For a moment it seemed as if Shun Chi were going to have an apoplectic fit. The veins stood out on his forehead and he gasped for breath. But by a violent effort he mastered himself enough to scream for his guards and to rush out of the tent.

  The Russians were standing by the machine-guns, peering into their works. They started guiltily when they saw the Professor. If the rebel leader had not already been wholly convinced, he would have condemned them in that moment, for they looked like men detected in a crime. “Sons of pigs,” he shouted, “you are at it even now. You are dead men.” He screamed orders to his guards, and in spite of his greed for more tanks and guns his fury overcame him, and in a moment the Russians rolled headless on the ground.

  “This is a foretaste of victory,” said Shun Chi, with an evil smile. “Tomorrow I shall do the same to Hsien Lu and every prisoner we take, if only you can get the guns ready in time.”

  “Rest assured, Tu-chun: I shall have them fully prepared for you by the hour of the Rat,” said the Professor, “and the bombs, too.”

  “Well,” said Derrick. “I never thought it would come off quite like that.”

  “I was afraid it would,” said the Professor, seriously. “I did my best for them, but there was no help for it. It was their lives or ours.”

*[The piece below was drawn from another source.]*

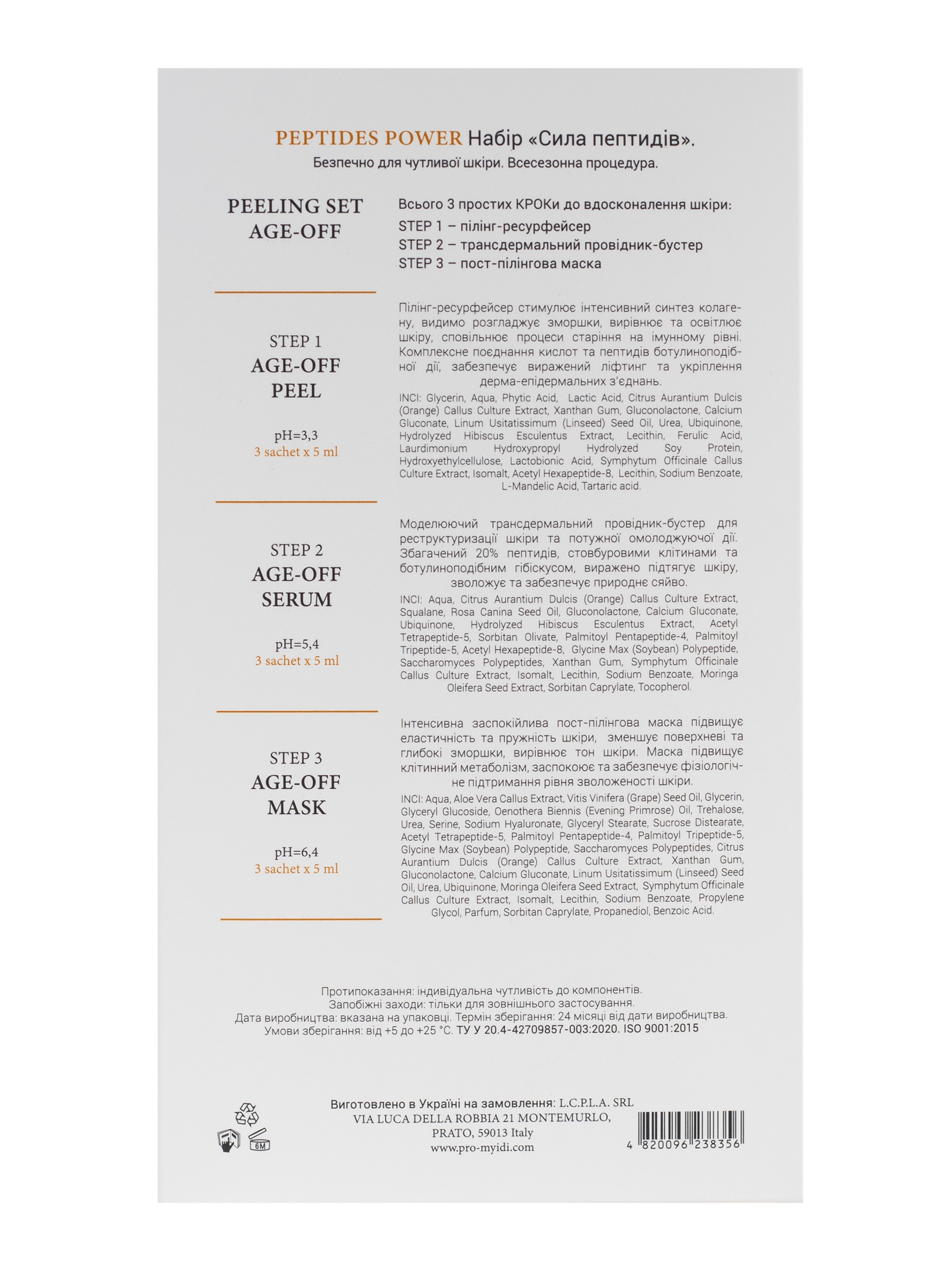 Простая 3-х шаговая процедура, состоящая из поэтапного нанесения пилинга-ресурфейсера, трансдермального проводника-бустера и восстанавливающей маски. Безопасный для чувствительной кожи, всесезонный. Выполните всего 3 простых ШАГА к усовершенствованию кожи: ШАГ 1. пилинг-ресурфейсер ШАГ 2. трансдермальный проводник-бустер ШАГ 3. постпилингова маска ПОКАЗАНИЯ -Кожа с возрастными изменениями всех типов -Морщины, изломы, потеря эластичности -Купероз и гиперкератоз -Лифтинг и моделирование овала -Фото- и хроностарение ШАГ 1. Пилинг-ресурфейсер AGE-OFF PEEL pH=3,3 Пилинг-ресурфейсер стимулирует интенсивный синтез коллагена, видимо разглаживает морщины, выравнивает и осветляет кожу, замедляет процессы старения на иммунном уровне. Комплексное сочетание кислот и пептидов ботулинообразного действия обеспечивает выраженный лифтинг и укрепление дерма-эпидермальных соединений. ШАГ 2. Моделирующий трансдермальный проводник-бустер AGE-OFF SERUM рН=5,4 Моделирующий трансдермальный проводник-бустер для реструктуризации кожи и мощного омолаживающего действия. Обогащенный 20% пептидов, стволовыми клетками и ботулинообразным гибискусом, выраженно подтягивает кожу, увлажняет и обеспечивает природное сияние. ШАГ 3. Успокаивающая постпилинговая маска AGE-OFF MASK pH=6,4 Интенсивная успокаивающая постпилинговая маска повышает эластичность и упругость кожи, уменьшает поверхностные и глубокие морщинки, выравнивает тон кожи. Маска повышает клеточный метаболизм, успокаивает и обеспечивает физиологическое поддержание уровня увлажненности кожи.

  They worked hard. They soon grew accustomed to the machine-guns, and by nightfall they had successfully wrecked every one of them. The Professor attended to the bombs by the light of a hurricane-lamp, and by midnight the serried racks of bombs were all set to explode as soon as their pins were pulled. The Professor put the last one in its place and got up to stretch. “I never hope to spend a more thoroughly uncomfortable evening,” he said. “It quite surprises me that I am still in one piece. Never again shall I permit myself to come into such a position that I am obliged to handle these infernal machines. They are utterly revolting in cause, effect and appearance.” With these words he lay down and tranquilly composed himself to sleep.

  Derrick listened to his even breathing and wondered how he could possibly sleep. He knew that he would never go off himself, and his mind ran busily over the possibilities of the coming day, the great number of things that could go wrong, and those which might go right. They were to keep to the extreme right of the gorge, he repeated: he must remember that.

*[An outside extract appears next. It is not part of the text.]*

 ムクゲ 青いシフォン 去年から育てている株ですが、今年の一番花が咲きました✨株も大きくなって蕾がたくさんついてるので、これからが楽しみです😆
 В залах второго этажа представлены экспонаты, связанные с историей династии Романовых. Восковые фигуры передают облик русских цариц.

  Yet somehow he must have gone to sleep, for there was the Professor shaking him awake. “It is the hour of the Rat,” he said.

  THE FIRST PART of the column was already moving off towards the hills when the Professor and Derrick came from their tent. Shun Chi was waiting for them with his staff. “You shall come with me,” said the Tu-chun, after greeting the Professor: he pointed to a light tank that stood drawn up immediately in front of a lorry containing all the rebel’s most valuable loot.

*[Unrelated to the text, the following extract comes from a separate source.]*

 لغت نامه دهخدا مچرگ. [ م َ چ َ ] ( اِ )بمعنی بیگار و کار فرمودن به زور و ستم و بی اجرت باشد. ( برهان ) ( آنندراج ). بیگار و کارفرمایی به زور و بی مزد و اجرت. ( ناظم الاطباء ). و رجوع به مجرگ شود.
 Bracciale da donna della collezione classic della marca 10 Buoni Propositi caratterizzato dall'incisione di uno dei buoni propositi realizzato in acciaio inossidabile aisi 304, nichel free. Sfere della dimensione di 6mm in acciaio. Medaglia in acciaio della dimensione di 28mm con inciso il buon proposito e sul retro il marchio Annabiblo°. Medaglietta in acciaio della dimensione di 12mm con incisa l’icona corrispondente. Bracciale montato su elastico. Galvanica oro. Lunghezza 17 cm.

  Shun Chi was a firm believer in leading his army from the rear: he had no intention whatever of running into any danger that he could possibly avoid, and he offered this place in his tank to the Professor as the most valuable favour that he could devise.

  Derrick’s heart sank as he followed the Professor into the cramped and stuffy tank: he had thought of a great many possibilities, but not of this one. Now there would be the whole body of the army to get through if ever they were to reach their friends.

  The Professor, too, looked worried; but he could not refuse without arousing the war-lord’s suspicions, and he sat down with a calm, thoughtful expression.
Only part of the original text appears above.